Well maybe, but here’s where it gets a bit dubious – and extreme. Could we really adjust personal, domestic and industrial activities in response to natural energy flows? As a second article notes, we certainly did in the past. Corn grinding mills only ran when there was wind, ships were often becalmed. But an advanced global economy was nevertheless sustained e.g. using the trade winds and, increasingly, water power.

New energy storage technology might make parts of this less problematic now, and some aspects might actually be socially welcome – days off work when there were wind lulls! But modern economies are based on 24/7 production and consumption. Can we undo some of that? Make hay while the sun shines?

Overall, a bit OTT and pessimistic on supply-side balancing, knocking down each option separately.

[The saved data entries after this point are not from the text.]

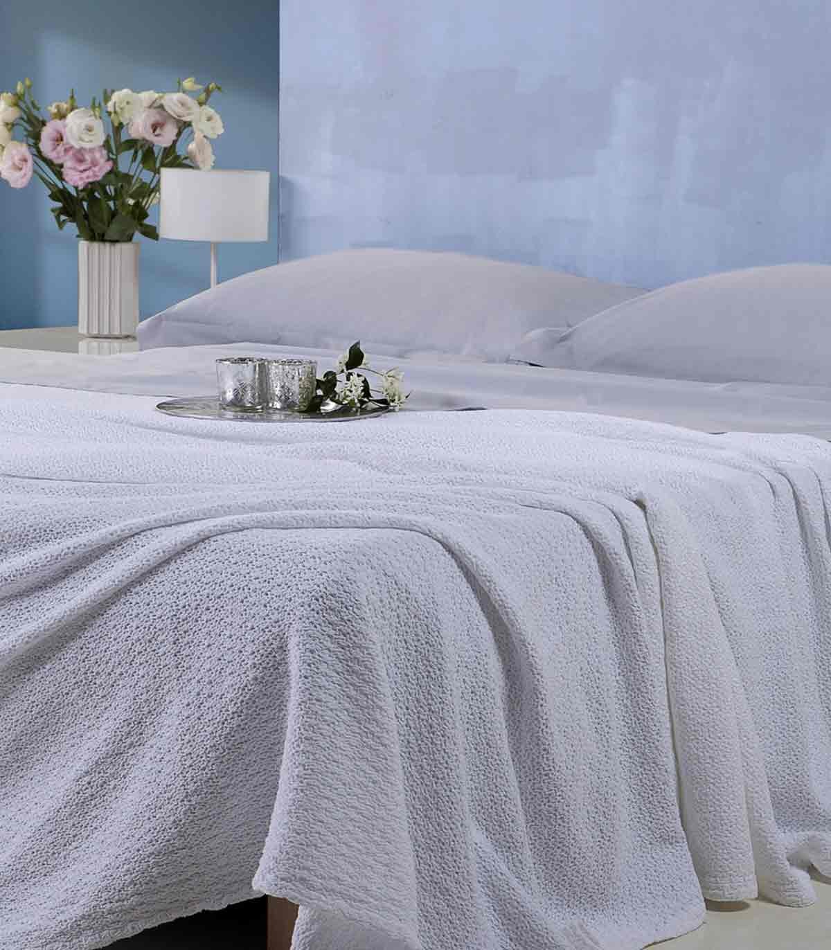 Per i periodi estivi più caldi vestire il letto diventa una questione di ordine e bellezza. Con il copriletto leggero, in tinta unita, di Mirabello&Carrara potrete mantenere intatte queste due caratteristiche rendendo sempre piacevole la vostra camera da letto.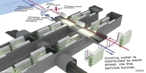 在第一阶段的建设中,Lefdal矿山数据中心在矿山的第三层安装了45MW(兆瓦)的冷却设施。而冷却液则是使用从外面的峡湾抽取的1640英尺深(约合500米)的海水,海水会与数据中心内的冷却循环系统进行热交换。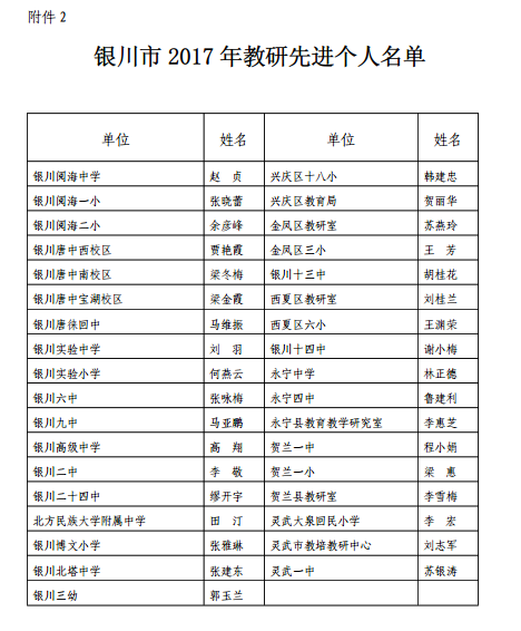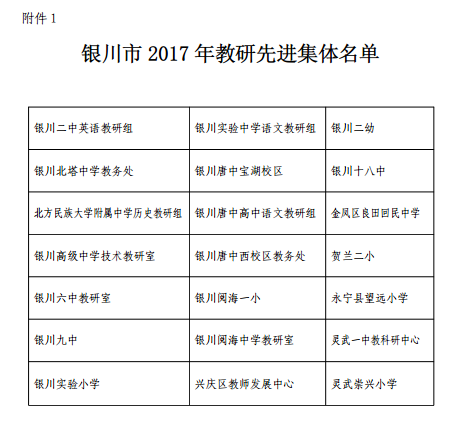 为深入推进全市教研工作,进一步加强教研队伍的管理与建设,银川市教育局在全市范围内开展了教研先进集体和先进个人的推荐评比活动。经过基层推荐、市教科所审核、市教育局研究,决定对银川二中英语教研组等21个教研先进集体,银川阅海中学赵贞等35名教研先进个人进行表彰。希望受表彰的集体(单位)和个人珍惜荣誉,再接再厉,进一步扎实有效地开展教研工作,促进教师专业发展,推动教学质量提升。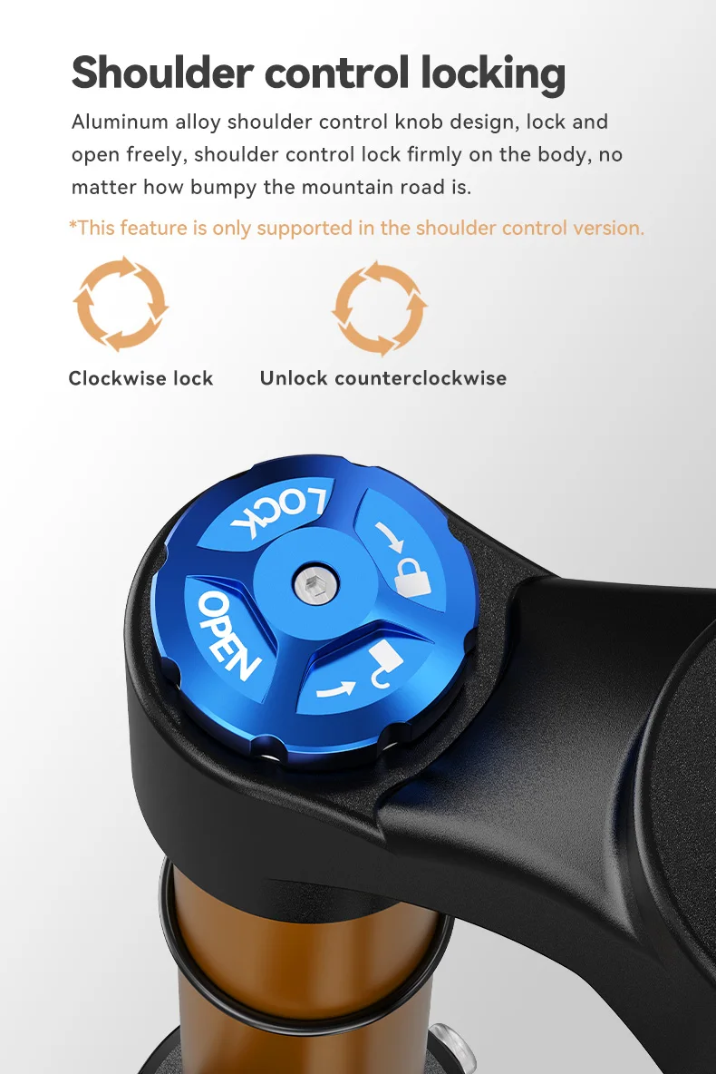 The shoulder control is the controlled rotation on the fork shoulder of the front fork, and the wire control is that the locking knob on the fork shoulder is changed to a wire control device, which can be installed on the handlebar, so that the locking and unlocking is easy and faster.More buyers choose wire control.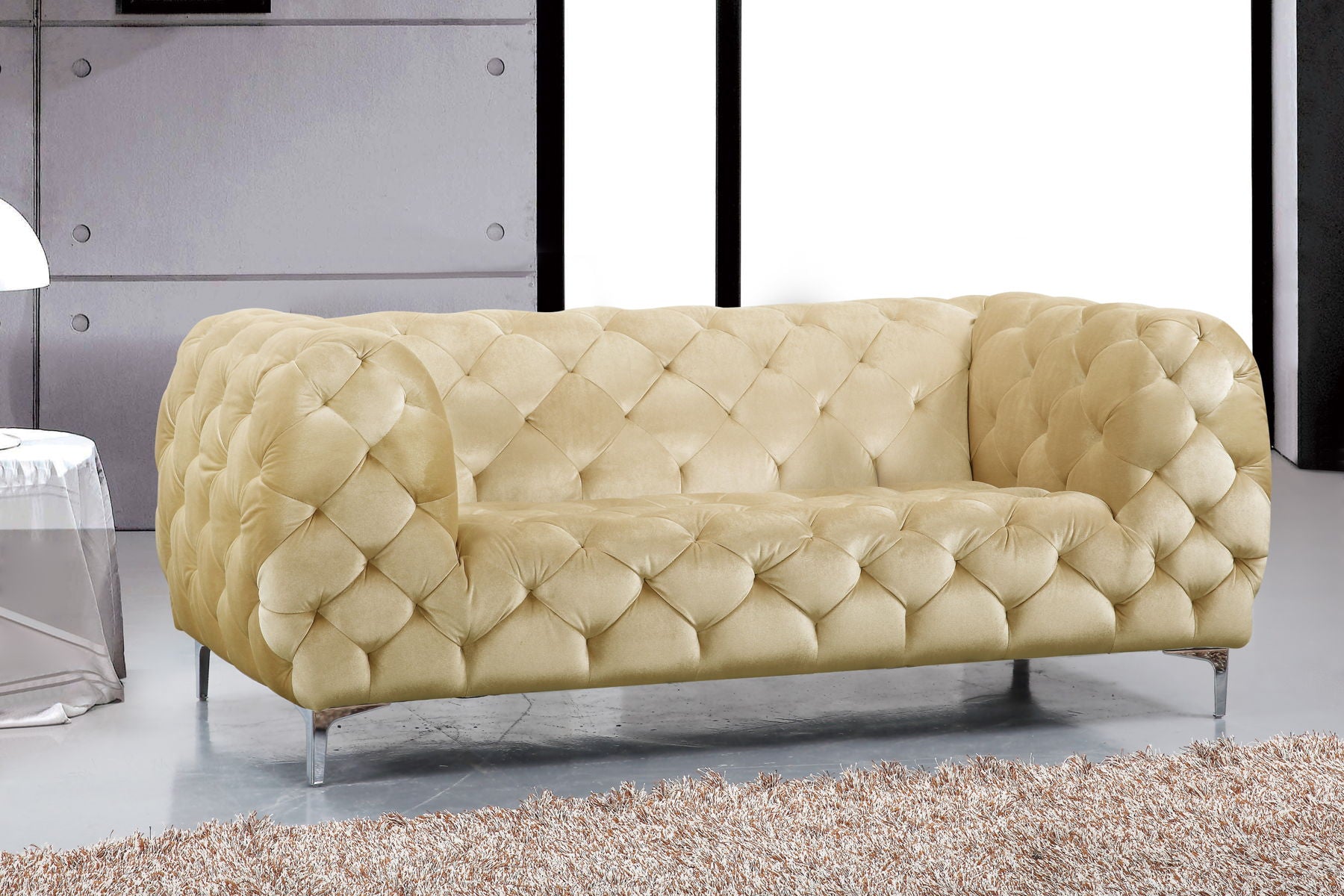 Elegant and eye-catching, the stunning Mercer Living Room from Meridian Furniture is the perfect addition to any space. covers the plush, comfortable seat, padded with high-density foam and modern tufted design. Strength and beauty is guaranteed with a solid wood frame and legs.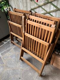 Robusto tavolo da giardino in legno per 6 persone allungabile completo di sedie con schienale e braccioli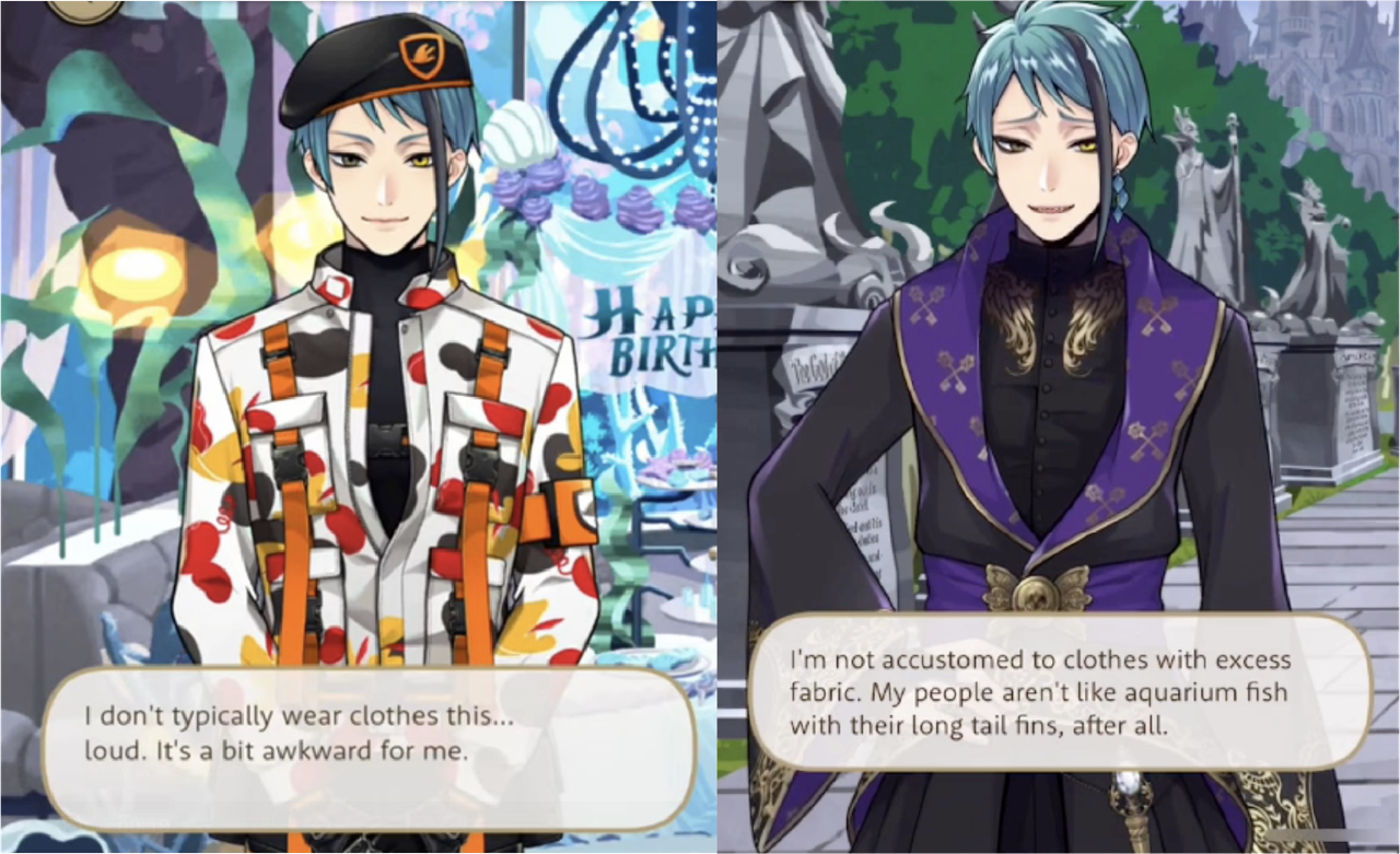 Jade says that his Beanfest outfit is “a bit awkward for (him),” as, “I don’t typically wear clothes this…loud,” and seems to like his Eternity Float outfit, saying, “I love all of it, from head to toe.”

In reality, a synergistic mix of the options, including flexible smart grid demand-side response, backup supply and storage (including of Power to Gas-derived hydrogen), along with supergrid balancing, may be able to reduce system costs. Indeed, one study suggested that “flexibility can significantly reduce the integration cost of intermittent renewables, to the point where their whole-system cost makes them a more attractive expansion option than CCS and/or nuclear”. But it’s fun and paradigm challenging! And here’s a full-on off-grid decentralist view, living fully on the wild side, with a lot of daylight-only power use.

Or try this for a somewhat different, and arguably equally contentious, view. Surely energy waste is always bad: yes, the renewable energy resource is large and free, but the technology is not and using it has costs. We need to use renewable energy efficiently – to limit the use of materials and land.